Baptized kittens and the sacrament of everyday life in Marilynne Robinson’s Gilead

February 21st, 2006

Gilead has been on my must-read list for over a year now, and I finally secured a copy from the local library. Had I known it was as good as I suspected it might be, I would have plunked down money and bought my own.

Robinson’s novel, first published in 2004, made available in paperback last month, won a Pulitzer and a National Book Critics Circle Award, not to mention many less famous prizes. I’d read Housekeeping (Robinson’s only other novel, published to high critical acclaim 25 years ago) in a graduate seminar, and when I heard she was coming out with a novel that had to do with religion, I had high hopes that, if any religious-themed work of fiction could gain entrance into the fiercely guarded halls of academia, Gilead would be that book (and I’ve recently seen a call for presentation on Marilynne Robinson at a big conference in 2006, so it looks like I’m not wrong).

Academic accolades aside, the book is full of small moments of grace in a seemingly insignificant life in rural Iowa. The narrator John Ames, Congregationalist pastor in a long line of Congregationalist pastors, describes the town this way: “To me it seems rather Christlike to be as unadorned as this place is, as little regarded.” The place has seen miracles, too, such as Ames’ marriage in his late sixties to a much younger woman, and the child born from their marriage. It is this seven-year-old son to whom Ames writes in letter form, telling him all the things he would have told him had he lived (Ames has been told he has a serious heart condition and knows that he will miss out on most of his son’s growing-up years).

Of all the miracles in Gilead, my favorite is one of Ames’s memories of a day when he and other neighborhood children decided to play “church” and baptize a new litter of kittens—not, Ames explains, out of lack of respect for the Sacrament, but because “we thought the world of those cats.”

Ames writes,

“I still remember how those warm little brows felt under the palm of my hand. Everyone has petted a cat, but to touch one like that, with the pure intention of blessing it, is a very different thing. It stays in the mind. For years we would wonder what, from a cosmic viewpoint, we had done to them. It still seems to me to be a real question. There is a reality in blessing, which I take baptism to be, primarily. It doesn’t enhance sacredness, but it acknowledges it, and there is a power in that. I have felt it pass through me, so to speak. The sensation is of really knowing a creature, I mean really feeling its mysterious life and your own mysterious life at the same time.”

I happened to read this passage on the very day that my 22-year-old cat, hardly a kitten anymore, had to be put to sleep, and I think the timing was no coincidence.

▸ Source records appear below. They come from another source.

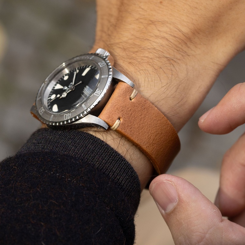 Many steps are necessary to create genuine pieces one vintage style watch strap can take up to an hour to finish. This passion for detail is the main aspect that separates JPM straps from those offered by other producers.
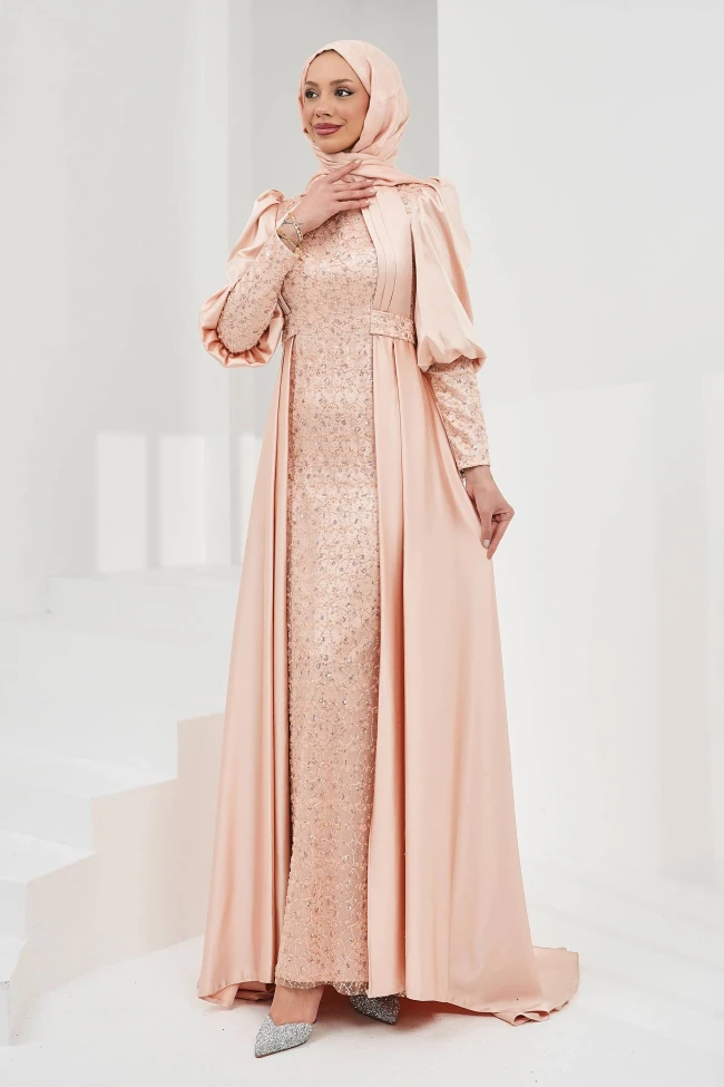 * Ürün Detay : Abiyemiz, özellikle özel davetler ve ağır organizasyonlar için tasarlanmış, modest moda anlayışını yansıtan oldukça ihtişamlı bir parça.Elbisede iki farklı doku çok başarılı şekilde harmanlanmış. Gövde kısmında kullanılan yoğun payet işlemeli kumaş, elbiseye derinlik ve ışıltı katarken; yanlarda ve omuzlarda kullanılan saten kumaş, asil bir duruş sergiliyor.Belden aşağıya doğru süzülen saten paneller,pelerin havası yaratmış. Bu detay, yürürken hareket kabiliyeti sağlarken aynı zamanda silüeti daha uzun ve heybetli gösteriyor.Omuzlardaki hafif kabarık kesim, dik bir duruş sergilenmesine yardımcı oluyor. Kolların dirsek altından itibaren payetle devam etmesi, tasarımdaki bütünlüğü korumuş.Bel hattındaki payet detaylı kuşak formu, vücut hatlarını zarifçe ayırarak elbiseye form kazandırmış.
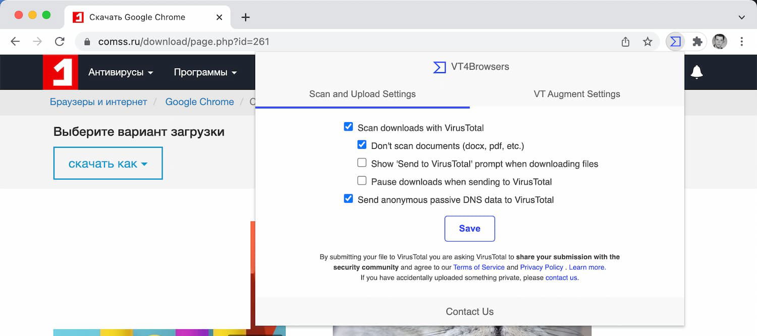- Scan downloads with VirusTotal — определяет, будут ли загружаемые файлы отправлены в службу.
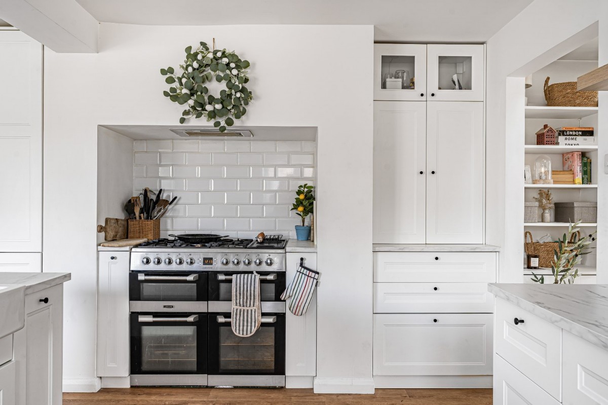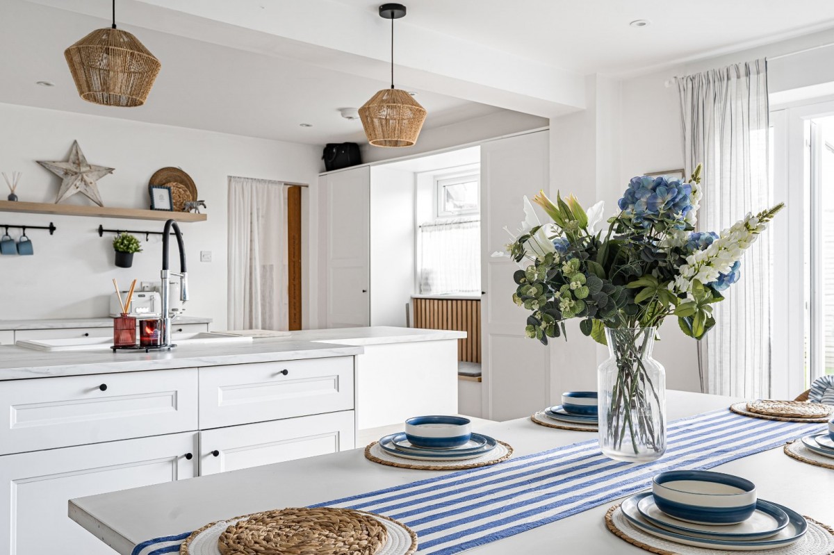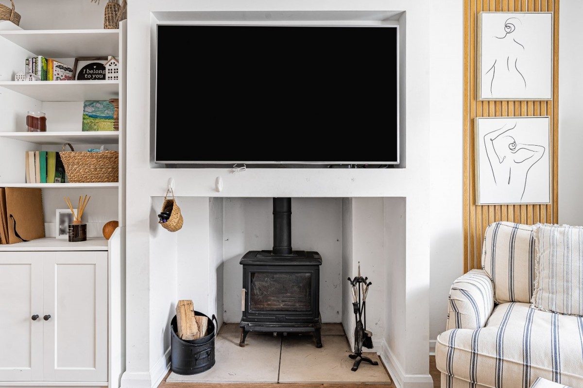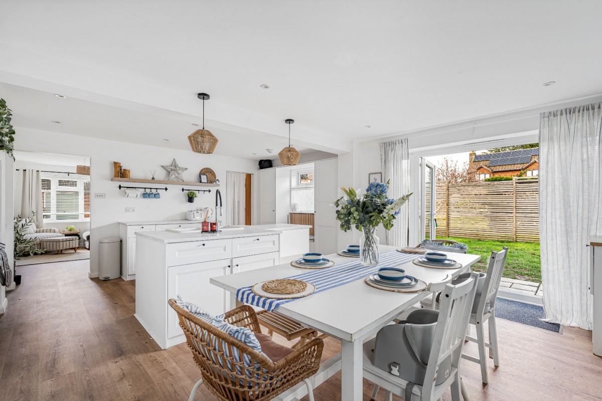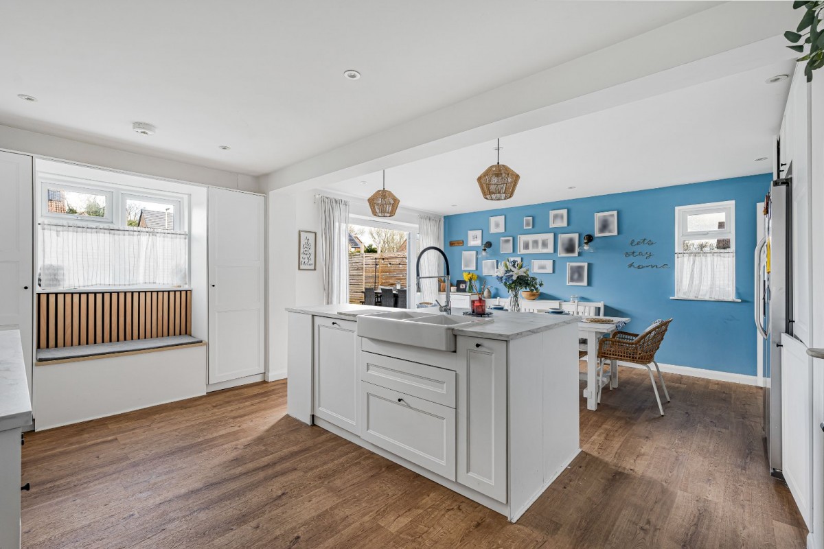 At the heart of the home is a stunning open-plan kitchen, dining and family space — a true hub of the house — offering a contemporary yet welcoming environment, perfect for both everyday living and entertaining. This impressive space flows seamlessly into a charming living area, where a log-burning stove provides a cosy focal point, combining character with modern comfort.

I thought of all the ways our old feline had blessed us simply by being the mysterious creature she was created to be.

I’ve always struggled with what the word “bless” means, especially when the Psalmist says “Bless the Lord!” Sure, God blesses us, but how can we bless him?

I don’t yet understand it completely, but maybe I see a glimpse of what blessing God means when I think of how cats bless us simply by being cats. Is it possible that when I am most fully myself, I bless God? That God touches my warm little brow and takes joy in me just as young Ames took joy in the kittens (and later human parishioners) that he baptized? That blessing flows back and forth between Creator and created, sort of (but not exactly) as it flows back and forth between created beings who salute each other’s createdness?

I don’t usually think about it that way, but that’s the kind of thing that Gilead makes you appreciate: God’s love and grace expressed in the everyday.

Entry Filed under: Books

1 Comment Add your own

  • 1. Suzanne  |  January 9th, 2008 at 3:18 pm

    This note about kittens (from MR’s Gilead) has just exploded my winter afternoon with joy. I am researching my sermon on Christ’s baptism…….thank you so much.